Губами касаюсь головки зажатого в пальцах одуванчика. Нежный серебристый пушок щекочет кожу.
– Пф-ф-у! – балуясь, сдуваю с цветка седую шапку.
Невесомые «зонтики» срываются в полет, неторопливо оседая на одежду, на ветви подступивших к тропинке деревьев, траву под ногами. На ставшей уродливо-лысой головке, будто олицетворение укоризны, торчат несколько так и не улетевших пушистых семян – криво торчат, некрасиво, одиноко сцепившись, будто ища друг у друга поддержки. В приступе жалости додуваю и их тоже, чтоб присоединились наконец к остальным, упали в почву, проросли новыми цветами.
Жарко. Солнце со всей мощью середины лета опекает кожу, слепит глаза, не позволяя долго рассматривать такое восхитительно глубокое и яркое сегодня небо. Прекрасное солнце. Прекрасное небо. Прекрасный шорох шагов рядом. Улыбаюсь, как идиотка, делая вид, что – солнцу.
На краю зрения появляется тень, быстро приближаясь к лицу, извиваясь, мягко стукает по лбу. Рефлекторно смахиваю упавшую с ветки гусеницу, и только потом на меня накатывает. Часто, истерически дышу, ощупывая голову, вновь и вновь провожу пальцами по волосам, готовая повыдергать их к чертовой матери, если там запутался еще кто-то.
– Ударилась? – холодные пальцы осторожно прикасаются к моему лицу. – Дай посмотрю.
– Посмотри… Их нет больше?

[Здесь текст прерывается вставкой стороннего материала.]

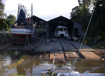 the hard’ on the Midway Marina Slipway across the Burnett River.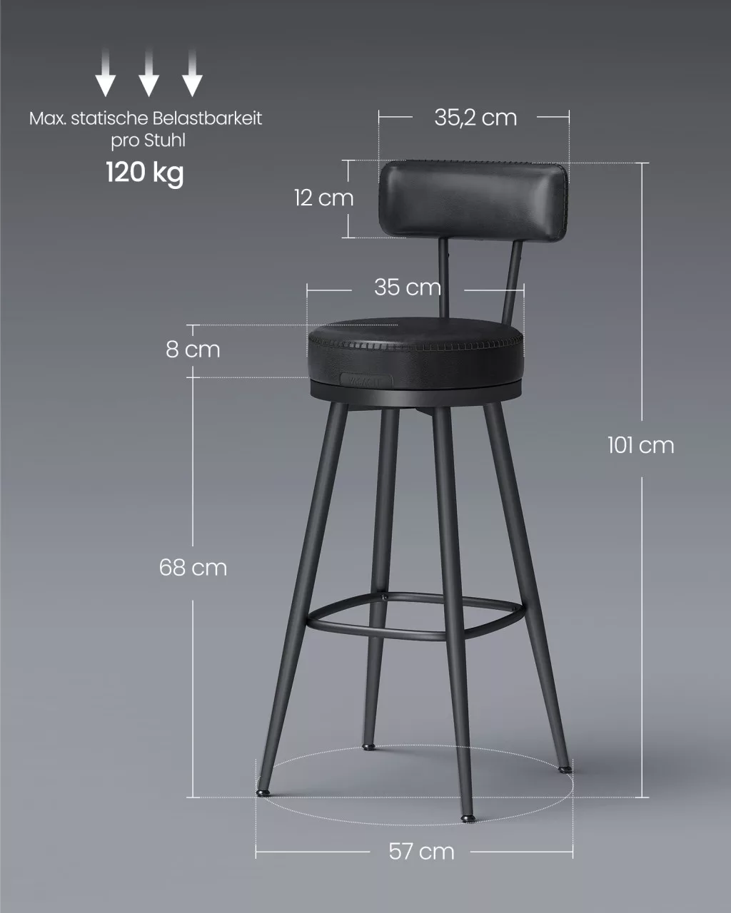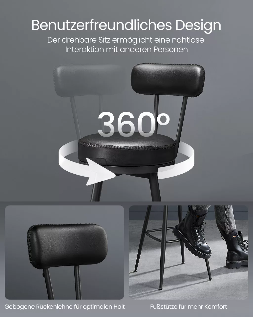 A VASAGLE EKHO kollekcióból származó bárszékek tökéletes választást kínálnak modern konyhákba és bárpultokhoz. A 360°-ban forgatható, támlás kialakítás és a vastag habpárnázat maximális kényelmet biztosít, miközben a tintafekete műbőr borítás elegáns megjelenést kölcsönöz.

Нигде нет? – выдавливаю из себя и в ответ на вопросительную тишину уточняю: – Гусениц?
– Ни одной гусеницы, – облегченно улыбается, но голос по-прежнему тревожный, сочувствующий. И за это – спасибо.
– Фобия, – цежу, пытаясь забыть омерзительное ощущение, оставшееся на коже после скользнувшего по ней извивающегося тельца. – Забей. Сейчас… Нормально всё будет…

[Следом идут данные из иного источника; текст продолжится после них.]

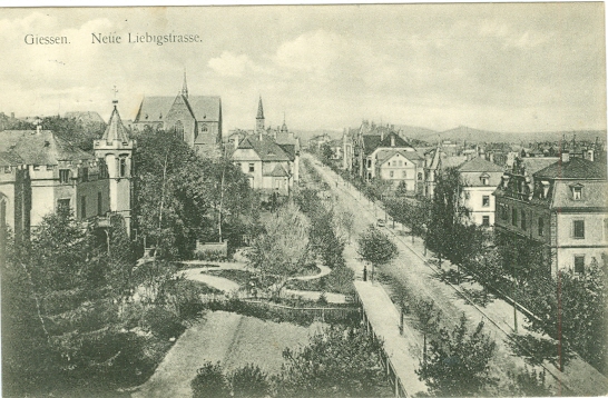 Giessen, Neue Liebigstrasse, 1913 postalisch gelaufen, links unten etwas größerer Bug, sonst gute Erhaltung.

Отчаянно, остервенело тру испоганенный лоб, скребу кожу ногтями, пытаясь хотя бы болью перебить гадостное ощущение, зная – не получится, и еще долго потом в самые неожиданные моменты будет вспоминаться, возвращаться эта мерзота. Хочется закопаться под землю, чтоб точно не достали, да только там – черви. А в пруду – пиявки. Бесперспективняк.
Руки – осторожные, внимательные – отрывают мои ладони от лица, сжимают пальцы, потом, отпустив, обхватывают за плечи – успокаивая, удерживая.
– Перестань… Все хорошо, – губы, такие же холодные, как и пальцы, как глаза, как интонации: не по-настоящему холодные – лишь издалека, чужим кажущиеся такими. Во внезапном порыве – я чувствую его, как свой собственный – они касаются растерзанного наверняка уже до ссадин лба.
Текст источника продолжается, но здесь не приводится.